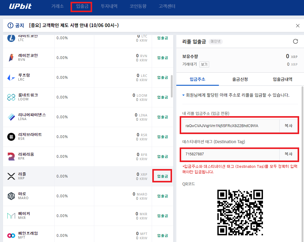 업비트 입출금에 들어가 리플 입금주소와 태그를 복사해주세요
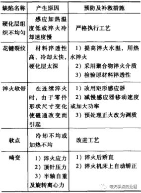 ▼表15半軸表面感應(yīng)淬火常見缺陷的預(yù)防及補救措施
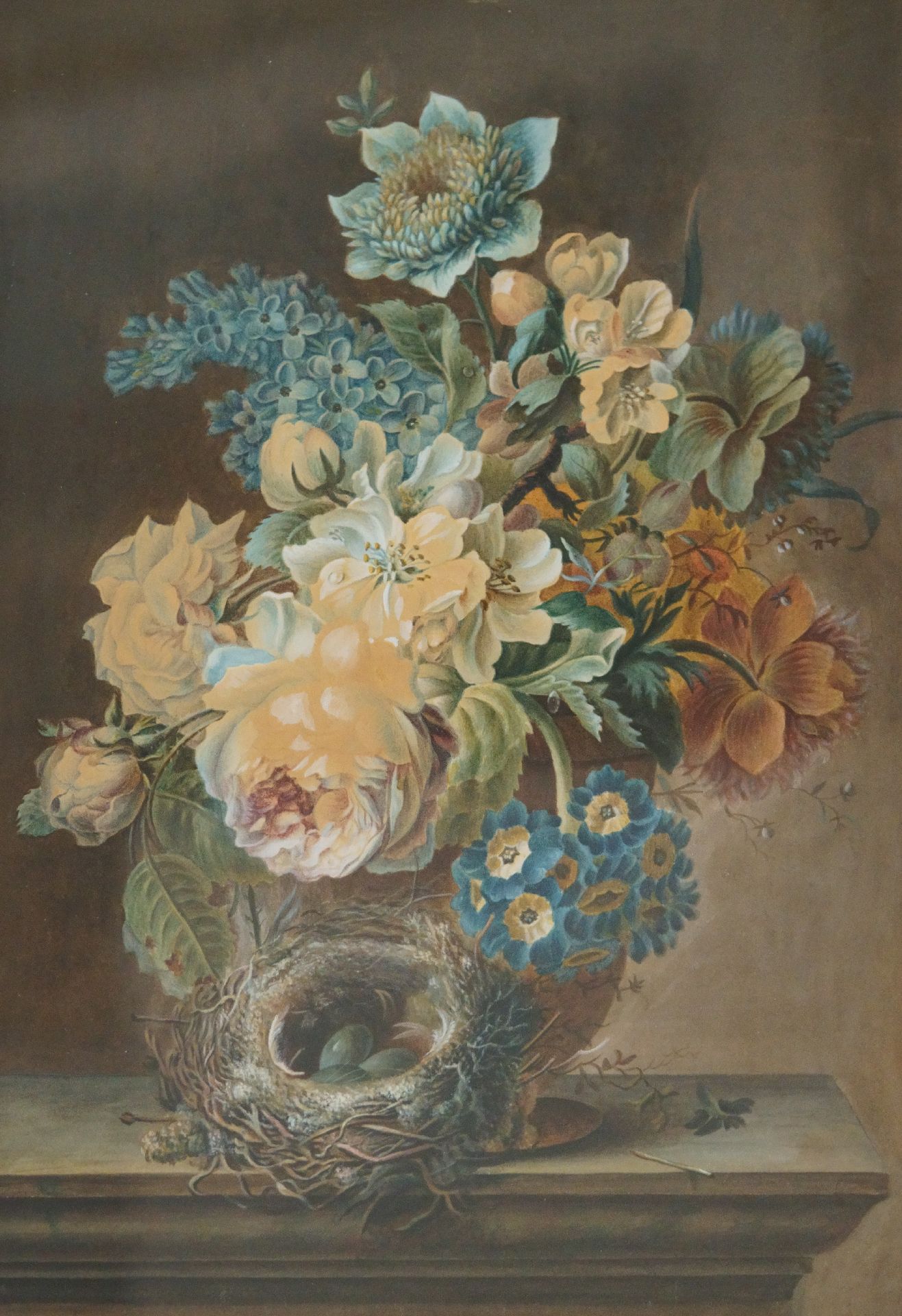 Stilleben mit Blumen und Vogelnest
####
What is being asked>
Leaving the pictures out, output all of the listing exactly.

Answer for this exercise>
 업비트 입출금에 들어가 리플 입금주소와 태그를 복사해주세요
 ▼表15半軸表面感應(yīng)淬火常見缺陷的預(yù)防及補救措施
 Stilleben mit Blumen und Vogelnest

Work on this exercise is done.